- [Task item] Leaving the pictures aside, transcribe only and exactly the lines from the one with "Гостовање будимпештанског Националног" through the end of the entries, both included.
# # #
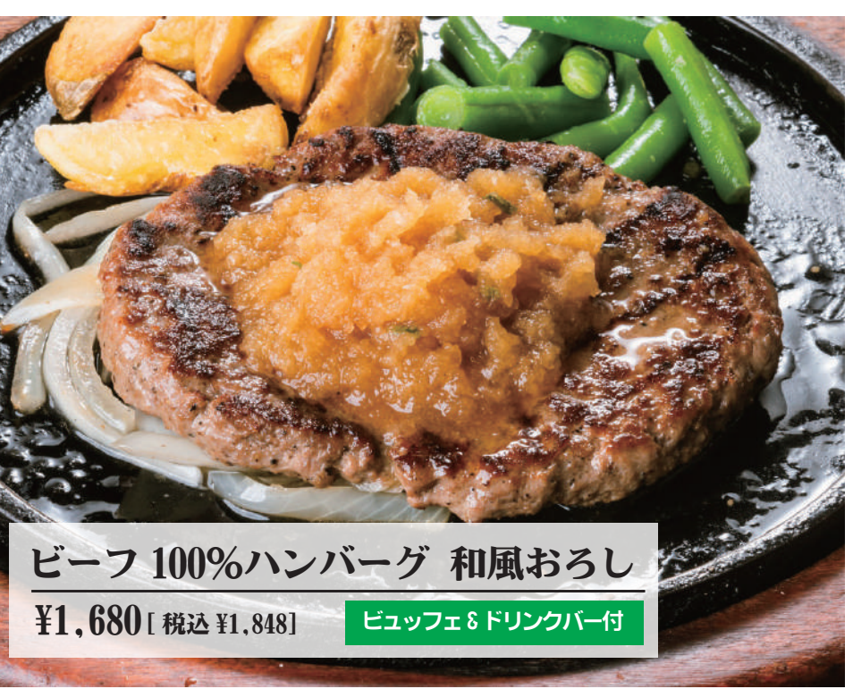
ビーフ 100%ハンバーグ 和風おろし ¥1,680 [税込 ¥1,848] ビュッフェ&ドリンクバー付
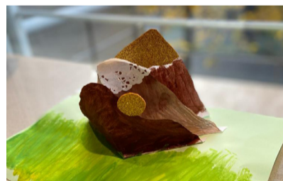
EMILIA VOLPEDO , 1. NAGRADA | likovna otroci 2 do 5 let
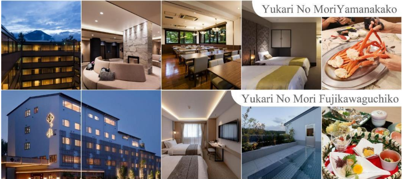
Yukari No Mori Yamanakako

หลังอาหารให้ท่านได้ผ่อนคลายกับการแช่น้ำแร่ธรรมชาติ เชื่อว่าถ้าได้แช่น้ำแร่แล้ว จะทำให้ผิวพรรณสวยงามและช่วยให้ระบบหมุนเวียนโลหิตดีขึ้น
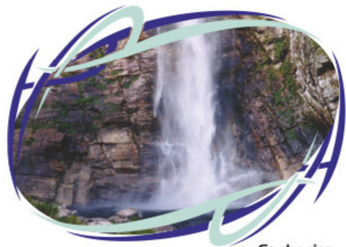
Cachoeira Casca Danta
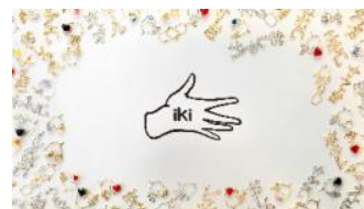
iki マスクチャーム即売会 1,870円～

※このリリースの情報は2021年1月現在のものです。内容等は変更になる可能性があります。
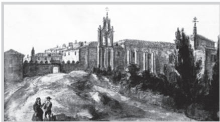
Grabado de la época del Monasterio de la Encarnación.

Enfermó otra vez, y ella misma describe con realismo aquella enfermedad tan grave. Su
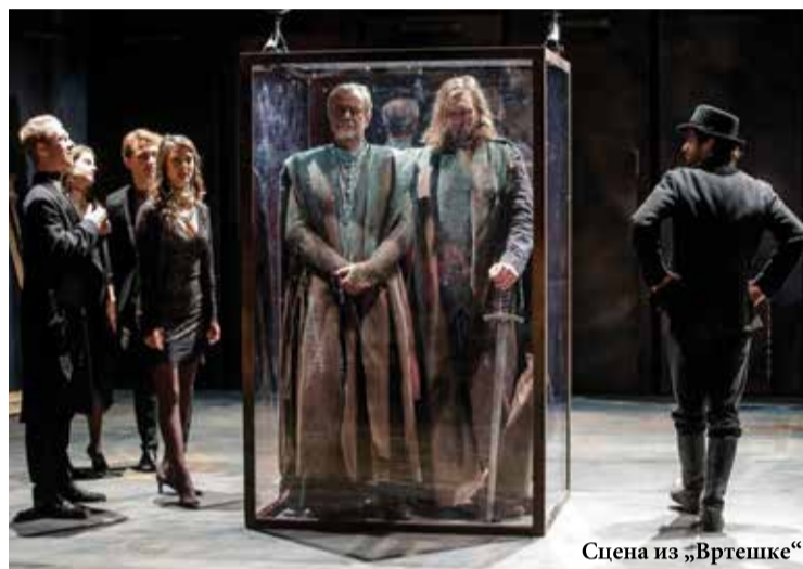
Сцена из „Вртешке“

Гостовање будимпештанског Националног театра увеличао је и долазак мађарског министра људских ресурса – проф. др Миклоша Кашлера (министар културе).
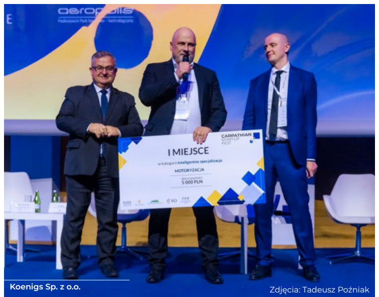
Koenigs Sp. z o.o.
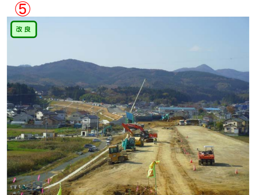
▲No.542より起点側を望む
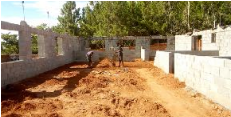
Rehabilitatie kliniek in aanbouw Mzuzu.
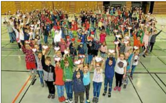
Kinder der Grundschule und des Kindergartens haben Herzen gebastelt. Am Muttertag werden sie im Rahmen des Frühlingsfestes den Müttern überreicht
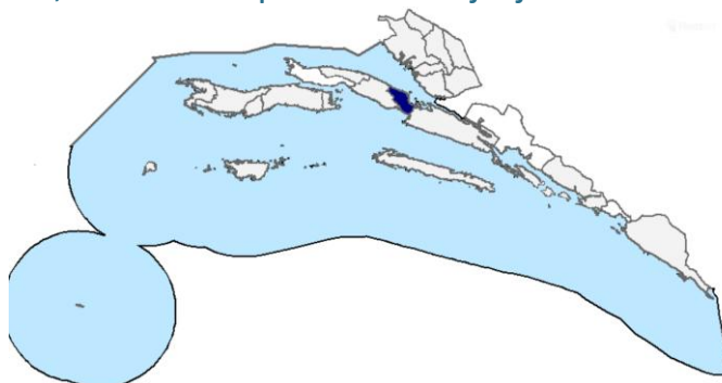
SLIKA 3. POLOŽAJ OPĆINE JANJINA U DUBROVAČKO-NERETVANSKOJ ŽUPANIJ

Općina Janjina dio je megaregije jadranske Hrvatske kojoj pripada i županija Dubrovačko-neretvanska. U užem smislu ona je dio jugoistočne dalmatinske makroregije s arhipelagom. Južna Dalmacija je najmanji, najuži i najrjeđe naseljeni dio megaregije (županija Dubrovačko-neretvanska po gustoći je
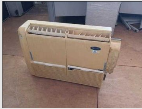
AR CONDICIONADO | Item: 429 |
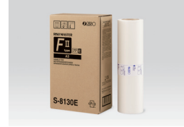
RISO MASTER FII TIP (A3: 220 yaprak)
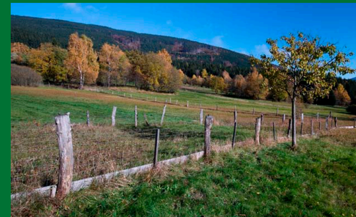
Nízké oplocení vybraných částí luk chrání orchideje před vyrýváním jejich hlíz divokými prasaty.
# # #
- [Exercise solution]
Гостовање будимпештанског Националног театра увеличао је и долазак мађарског министра људских ресурса – проф. др Миклоша Кашлера (министар културе).
Koenigs Sp. z o.o.
▲No.542より起点側を望む
Rehabilitatie kliniek in aanbouw Mzuzu.
Kinder der Grundschule und des Kindergartens haben Herzen gebastelt. Am Muttertag werden sie im Rahmen des Frühlingsfestes den Müttern überreicht
SLIKA 3. POLOŽAJ OPĆINE JANJINA U DUBROVAČKO-NERETVANSKOJ ŽUPANIJ

Općina Janjina dio je megaregije jadranske Hrvatske kojoj pripada i županija Dubrovačko-neretvanska. U užem smislu ona je dio jugoistočne dalmatinske makroregije s arhipelagom. Južna Dalmacija je najmanji, najuži i najrjeđe naseljeni dio megaregije (županija Dubrovačko-neretvanska po gustoći je
AR CONDICIONADO | Item: 429 |
RISO MASTER FII TIP (A3: 220 yaprak)
Nízké oplocení vybraných částí luk chrání orchideje před vyrýváním jejich hlíz divokými prasaty.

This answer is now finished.